Building Effective Agents

agent

Building Effective Agents

Published: December 19, 2024

Overview

Anthropic shares insights from working with dozens of teams building LLM agents. The key finding: “the most successful implementations use simple, composable patterns rather than complex frameworks.”

What Are Agents?

Anthropic distinguishes between two types of agentic systems:

  • Workflows: LLMs and tools orchestrated through predefined code paths
  • Agents: Systems where LLMs dynamically direct their own processes and tool usage

When to Use Agents

Not all applications need agents. The guidance: start simple and increase complexity only when necessary. Agentic systems trade increased latency and cost for better task performance—a tradeoff worth considering carefully.

Workflows suit well-defined tasks requiring predictability. Agents work better for open-ended problems needing flexibility and model-driven decision-making at scale.

Framework Considerations

Popular frameworks include:

  • Claude Agent SDK
  • Strands Agents SDK by AWS
  • Rivet (GUI LLM workflow builder)
  • Vellum (GUI tool for complex workflows)

While frameworks simplify implementation, they can obscure underlying prompts and encourage unnecessary complexity. Recommendation: “start by using LLM APIs directly; many patterns can be implemented in a few lines of code.”

Core Patterns

Building Block: The Augmented LLM

The foundation combines an LLM with retrieval, tools, and memory capabilities. Focus on tailoring these to your use case and providing clear interfaces.

Workflow: Prompt Chaining

Decomposes tasks into sequential steps where each LLM call processes previous output. Ideal for tasks decomposable into fixed subtasks.

Examples: Marketing copy generation then translation; document outline creation before writing.

Workflow: Routing

Classifies inputs and directs them to specialized tasks. Enables optimization for distinct categories without performance tradeoffs.

Examples: Categorizing customer service queries; routing simple questions to smaller models, complex ones to capable models.

Workflow: Parallelization

Runs multiple LLM calls simultaneously:

  • Sectioning: Breaking tasks into independent parallel subtasks
  • Voting: Running the same task multiple times for diverse outputs

Examples: Parallel guardrails; code vulnerability reviews; content appropriateness evaluation.

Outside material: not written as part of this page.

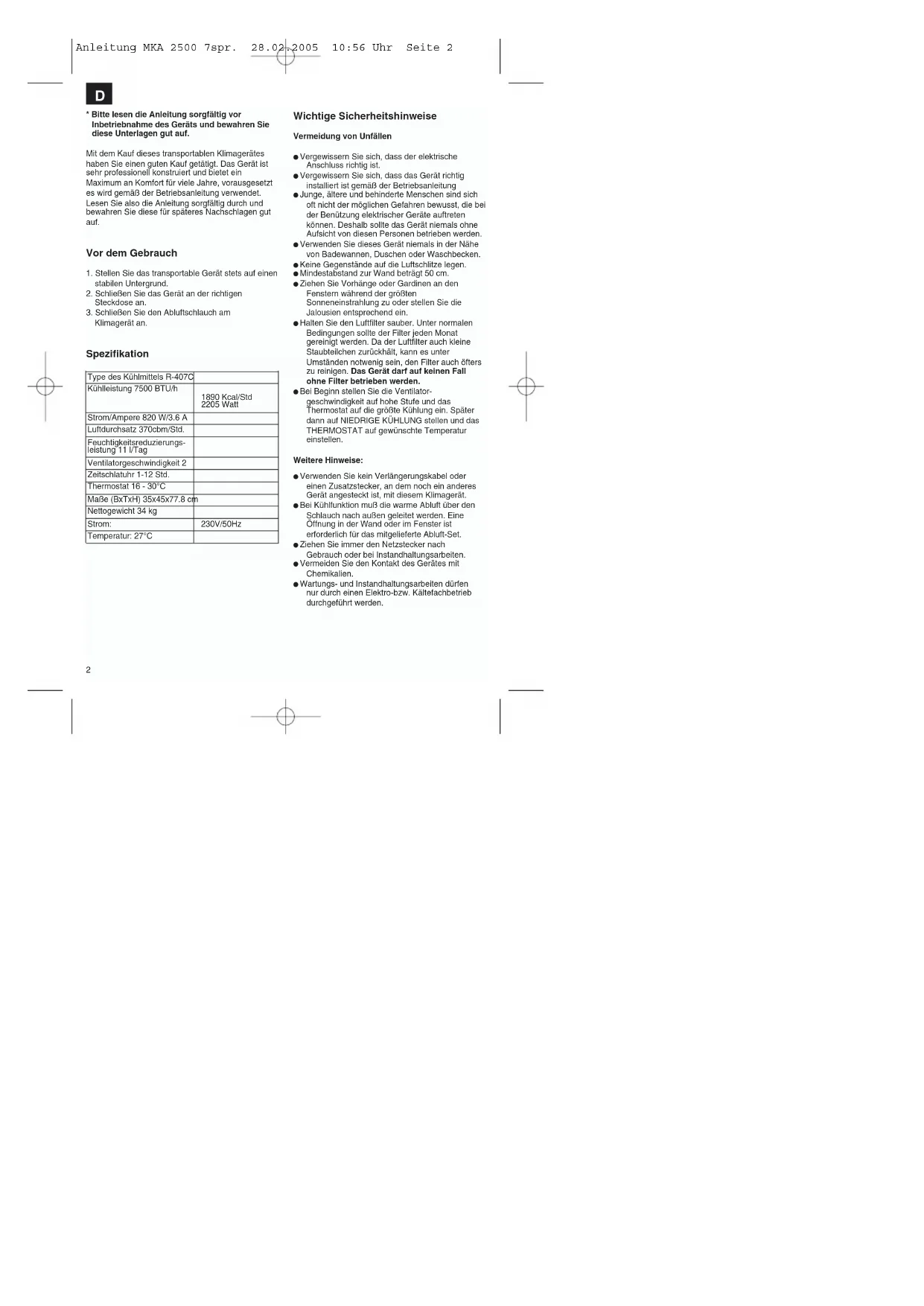 Instrukcja obsługi Klimatyzator MKA 2500 E Anleitung MKA 2500 7spr. 28.02.2005 10:56 Uhr Seite 1* Bitte lesen die Anleitung sorgfältig vor Inbetriebnahme des Geräts und bewahren Sie diese Unterlagen gut auf. Mit dem Kauf dieses transportablen Klimagerätes haben Sie einen guten Kauf getätigt. Das Gerät ist sehr professionell konstruiert und bietet ein Maximum an Komfort für viele Jahre, vorausgesetzt es wird gemäß der Betriebsanleitung verwendet. Lesen Sie also die Anleitung sorgfältig durch und bewahren Sie diese für späteres Nachschlagen gut auf. Vor dem Gebrauch

Workflow: Orchestrator-Workers

A central LLM breaks down tasks dynamically and delegates to worker LLMs. Differs from parallelization through flexibility—subtasks aren’t pre-defined.

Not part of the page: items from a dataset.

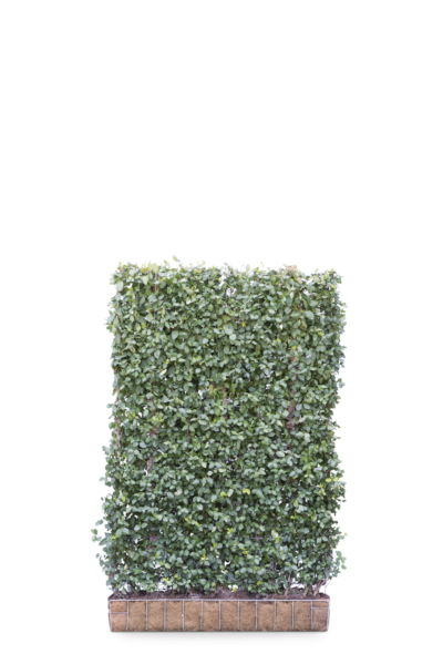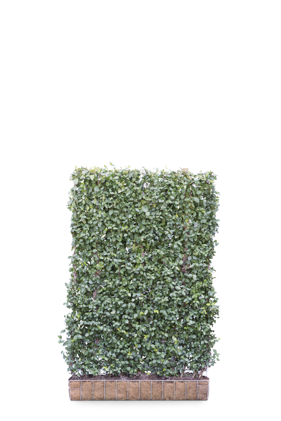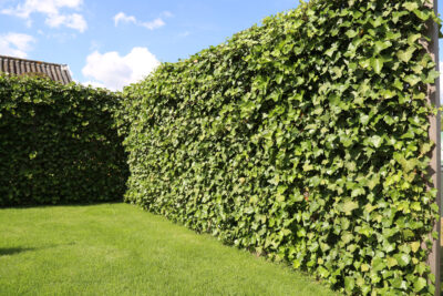 A green screen consists of a steel grid, densely intertwined with climbing plants.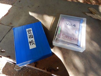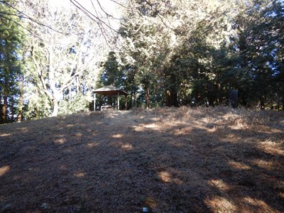 | 左からは先ほどの鳥居の隣の入り口への道 | 東屋には登頂帳がある |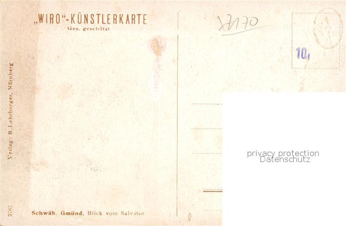 43261076 Verlag WIRO Wiedemann Nr. 2787 Schwaebisch Gmuend Blick vom Salvator postalisch nicht gelaufen Erhaltung siehe scans [PaolaD17] Paol Katcode 22080000002200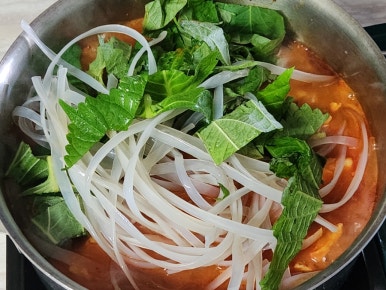 어느 정도 끓으면 넓적 당면을 추가해줬구요.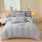 金米诺 新款韩版花边水洗棉泡泡纱四件套公主条四件套 褶皱-浅蓝,褶皱-浅蓝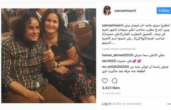 وقالت سما المصري :”انتظروا دويتو جامد اخر بيني وبين اجدع مطرب صاحب اعلي مبيعات لاشهر اغنيه في زمنه…الجميل المطرب الفنان ((علي حميده)) صاحب اغنيه((لولاكي))… خمنوا اسم الاغنيه الدويتو”.

Examples: Complex code changes across multiple files; multi-source information gathering.

Workflow: Evaluator-Optimizer

One LLM generates responses; another provides evaluation feedback in loops. Effective with clear evaluation criteria.

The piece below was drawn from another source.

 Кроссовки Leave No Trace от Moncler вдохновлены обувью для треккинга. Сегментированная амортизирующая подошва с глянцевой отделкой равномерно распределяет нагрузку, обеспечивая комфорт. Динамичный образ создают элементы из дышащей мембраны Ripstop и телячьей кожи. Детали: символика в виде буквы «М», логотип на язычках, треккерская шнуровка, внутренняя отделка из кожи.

Examples: Literary translation refinement; iterative search tasks.

Agents

Agents operate autonomously based on environmental feedback. They begin with user direction, plan independently, and can request human input at checkpoints.

“Agents are typically just LLMs using tools based on environmental feedback in a loop.” Therefore, clear toolset design and documentation are crucial.

When appropriate: Open-ended problems where steps can’t be predicted or hardcoded.

Examples: Resolving GitHub issues (SWE-bench); computer use implementations.

Important: Higher costs and potential for compounding errors require sandboxed testing and appropriate guardrails.

Three Core Principles for Implementation

  1. Simplicity: Keep agent design straightforward
  2. Transparency: Explicitly show planning steps
  3. Tool Documentation and Testing: Invest in agent-computer interfaces (ACI) as much as human-computer interfaces (HCI)

Appendix 1: Agents in Practice

Customer Support

Agents excel here because support requires conversation flow with access to external data and actions. Tools retrieve customer information; agents execute refunds and ticket updates. Success metrics are clear—resolution completion.

Coding Agents

Software development suits agents because:

  • Code solutions are verifiable through tests
  • Agents iterate using test feedback
  • Problem space is well-defined
  • Quality is objectively measurable

Anthropic’s agents now solve real GitHub issues in SWE-bench Verified benchmarks, though human review remains essential for broader system alignment.

Appendix 2: Prompt Engineering Your Tools

Tool specifications deserve equal engineering attention as prompts themselves.

Format Selection Guidance

  • Give the model sufficient tokens to “think” before committing to output
  • Keep formats close to natural internet text
  • Eliminate formatting overhead (avoiding unnecessary counting or escaping)

Agent-Computer Interface Design

  • Test thoroughly: Run diverse inputs to identify mistakes
  • Use clear parameter names and descriptions
  • Include example usage, edge cases, and input requirements
  • Apply “poka-yoke” principles—design tools so mistakes are harder to make

Anthropic spent more time optimizing tools than overall prompts for SWE-bench. Example: changing to absolute filepaths eliminated relative path errors.

Summary

Success means building the right system for your needs, not the most sophisticated. “Start with simple prompts, optimize them with comprehensive evaluation, and add multi-step agentic systems only when simpler solutions fall short.”